The key trick is that "rerere" is capable of recording and replaying
semantic conflict resolution made to a file that happens to have
textual conflict just fine.  Because rerere database records the
preimage (i.e. with conflict markers) and postimage (i.e. the final
resolution for the file) as an entire file contents, it can do 3-way
merge for parts of the same file that is away from any conflicted
region.

If you tell contrib/rerere-train.sh to learn from "pu^{/^Merge
branch 'bp/fsmonitor' into pu}", you'll see what I mean.

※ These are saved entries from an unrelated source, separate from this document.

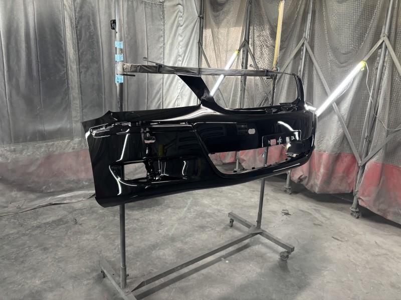 新品バンパーは塗装なしの未塗装樹脂設定なので下処理としてプライマー、サフェーサーの下地処理を施工して塗装致しました。(^_^)/
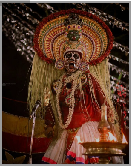 Kalampuja follows in which the drawing is worshipped based on the belief that the deity’s spirit is now in it. The drawing is then erased and the performers gather in avatars of the deity, the demon Darika, and other characters. As percussion instruments ring into the night silence, the performance ensues.
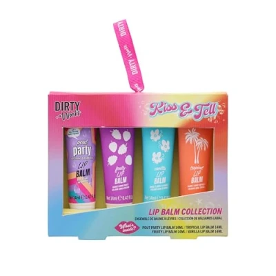 Dirty Works Kiss & Tell Lip Balm Collection 4 Flavoured Balms Gift Set Nourishing Care for Women
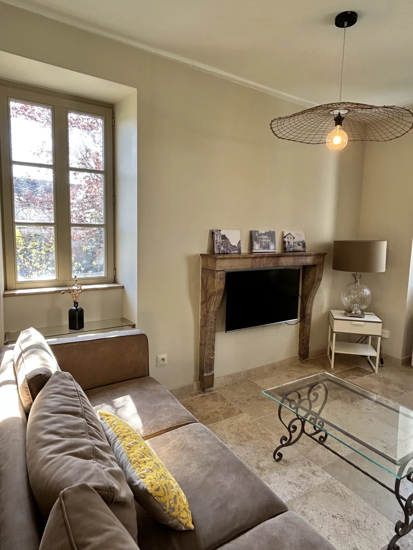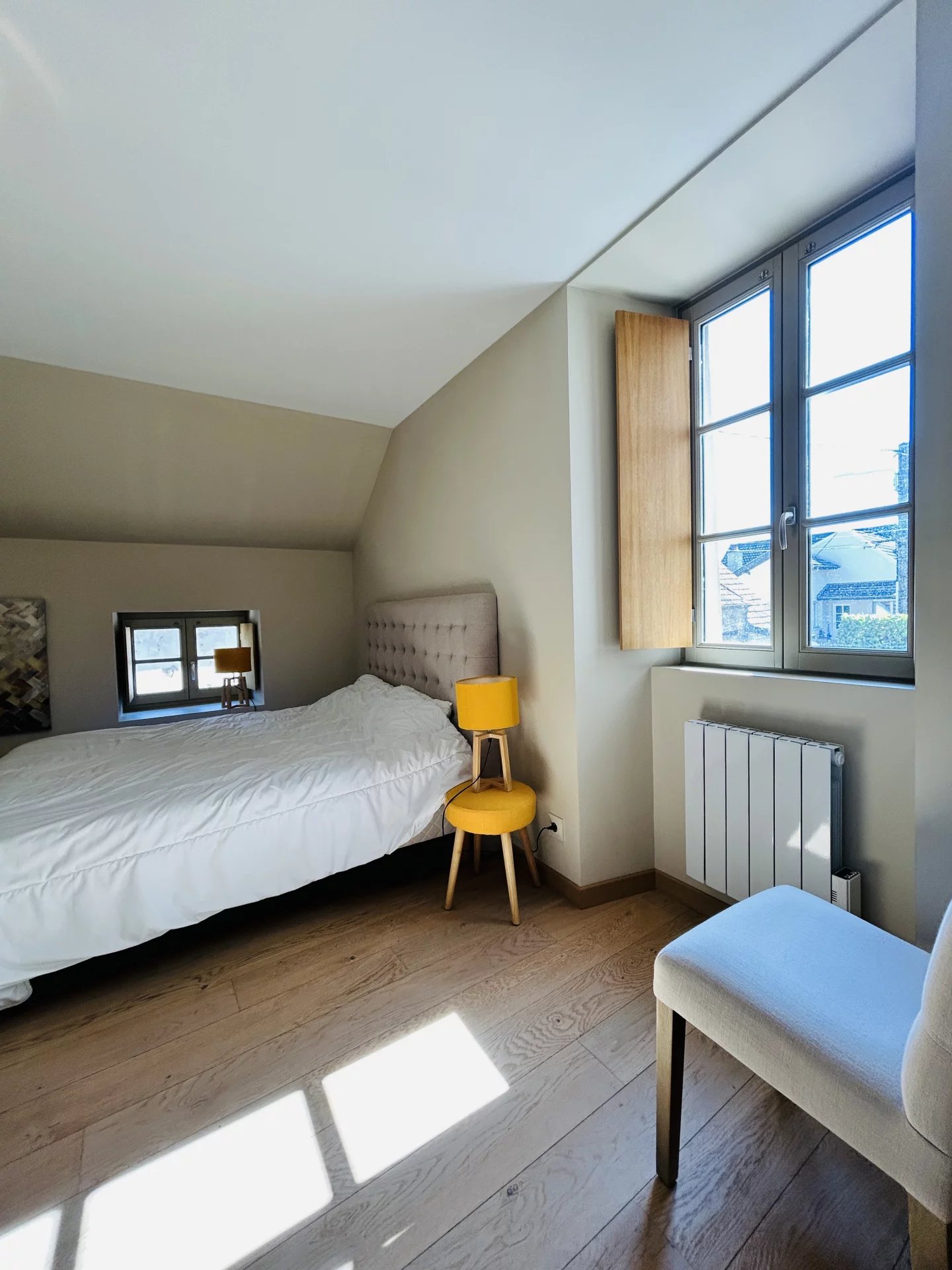 Belle bâtisse en pierre avec jardin clos, garage et cave, située au cœur d’un village de renommée mondiale.
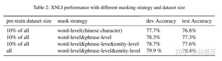 三种mask:字层面、短语层面、实体层面(引入外部知识,模型可获得更可靠的语言表示)
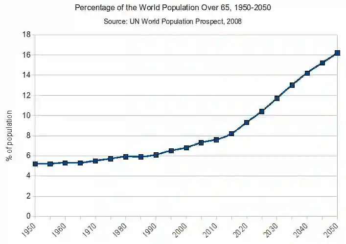 ► 全球超过65岁的老人比例,迅速攀升,图片来自wikipedia

  $ git show "pu^{/^Merge branch 'bp/fsmonitor' into pu}" compat/bswap.h

shows the result of such resolution.  Early part of the combined
diff shown by the above command comes from textual conflict
resolution, but there is a new implementation of inline version of
get_be64 that has become necessary but did not exist in either of
the branches getting merged, which is shown as an evil merge.

So the way to automatically sift an existing merge into textual
conflict resolution (i.e. automatable with "rerere") and semantic
evil merge-fix is to first try to recreate the merge and enumerate
the paths that get conflicts.  Then resolve these paths by grabbing
the resolved result for these paths that get textual conflicts out
of the original merge.  That gives us the textual part (we can run
"git rerere" at this point to store the resolution away to the
rerere database---which is essentially what contrib/rerere-train
does).

There will be difference between the result of the above and the
original merge commit.  The paths that are different are all outside
these conflicted paths, and they are what we want in the second
commit, i.e. the semantic evil merge-fix, which will be the value
for the merge-fix database.

So that part is easily automatable.  

It is much harder to come up with a way to index into the merge-fix
database.  We can "punt" and use the same index scheme as the
Reintegrate script (i.e. key it with the name of the branch being
merged, which can be read from the original merge) as the initial
approximation, and that would already be much better than what
Reintegrate script currently does, in that the recording part is
much more automated (in the workflow I use the Reintegrate script,
the side that records a merge-fix initially is entirely manual).